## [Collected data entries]
━━━━━━━━━━━━━━━━
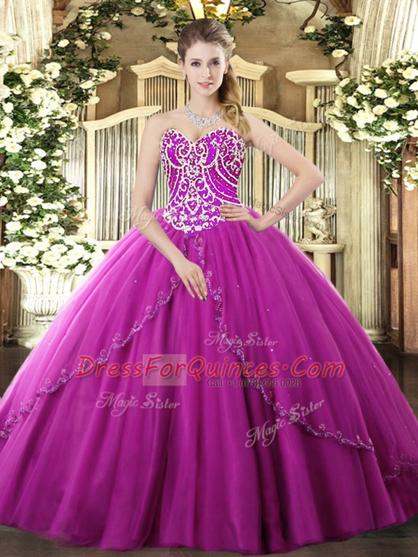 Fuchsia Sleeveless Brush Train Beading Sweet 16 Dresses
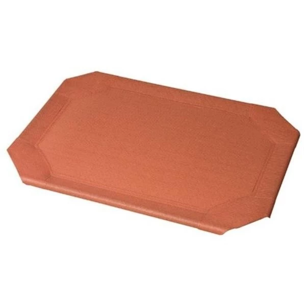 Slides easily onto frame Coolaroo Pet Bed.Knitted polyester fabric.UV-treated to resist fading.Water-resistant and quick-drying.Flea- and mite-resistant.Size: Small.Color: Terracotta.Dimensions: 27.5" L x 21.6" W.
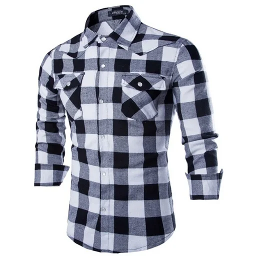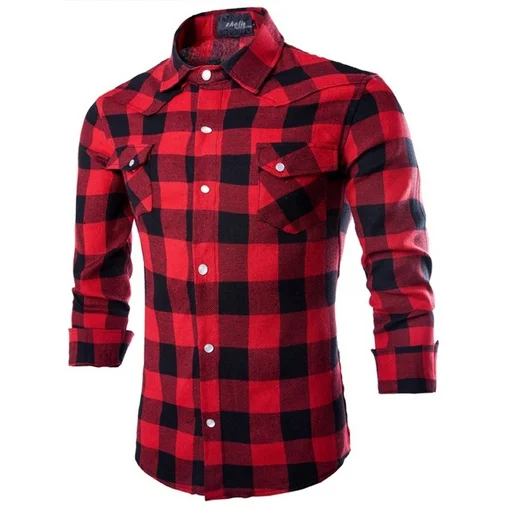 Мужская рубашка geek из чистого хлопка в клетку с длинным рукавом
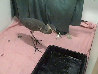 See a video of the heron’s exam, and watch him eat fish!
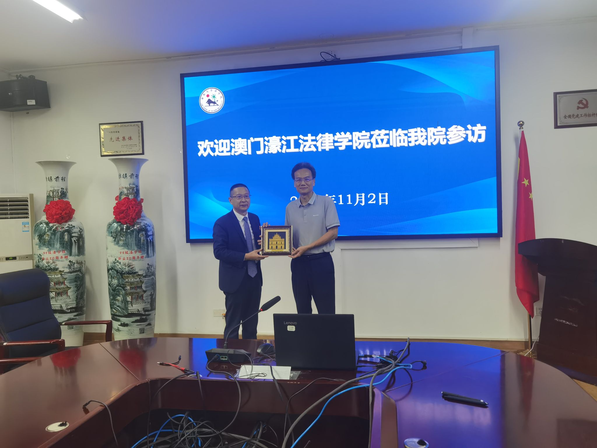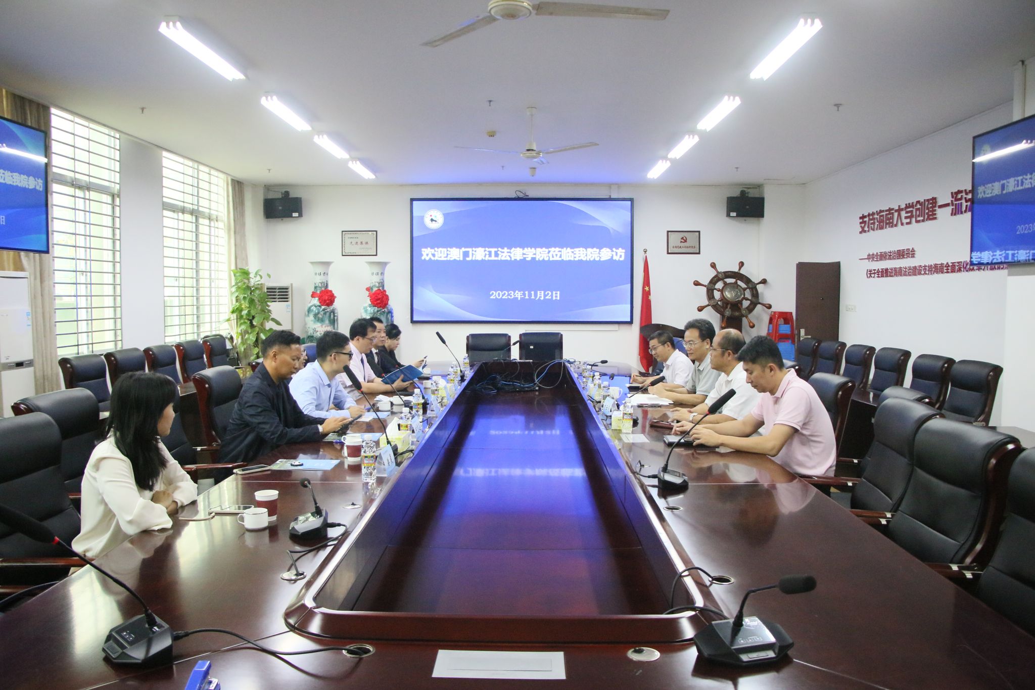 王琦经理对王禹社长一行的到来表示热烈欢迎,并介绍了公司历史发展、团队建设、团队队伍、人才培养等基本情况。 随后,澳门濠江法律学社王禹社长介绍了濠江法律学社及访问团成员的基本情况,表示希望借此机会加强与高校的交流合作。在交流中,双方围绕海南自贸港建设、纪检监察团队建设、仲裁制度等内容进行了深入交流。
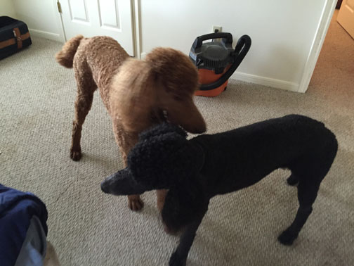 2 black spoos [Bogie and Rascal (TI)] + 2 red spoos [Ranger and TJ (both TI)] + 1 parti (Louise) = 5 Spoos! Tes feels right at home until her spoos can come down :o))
━━━━━━━━━━━━━━━━
Retype the lines above exactly as they appear, from the line containing "See a video" through the line containing "王琦经理对王禹社长一行的到来", and leave out any pictures.

 See a video of the heron’s exam, and watch him eat fish!
 王琦经理对王禹社长一行的到来表示热烈欢迎,并介绍了公司历史发展、团队建设、团队队伍、人才培养等基本情况。 随后,澳门濠江法律学社王禹社长介绍了濠江法律学社及访问团成员的基本情况,表示希望借此机会加强与高校的交流合作。在交流中,双方围绕海南自贸港建设、纪检监察团队建设、仲裁制度等内容进行了深入交流。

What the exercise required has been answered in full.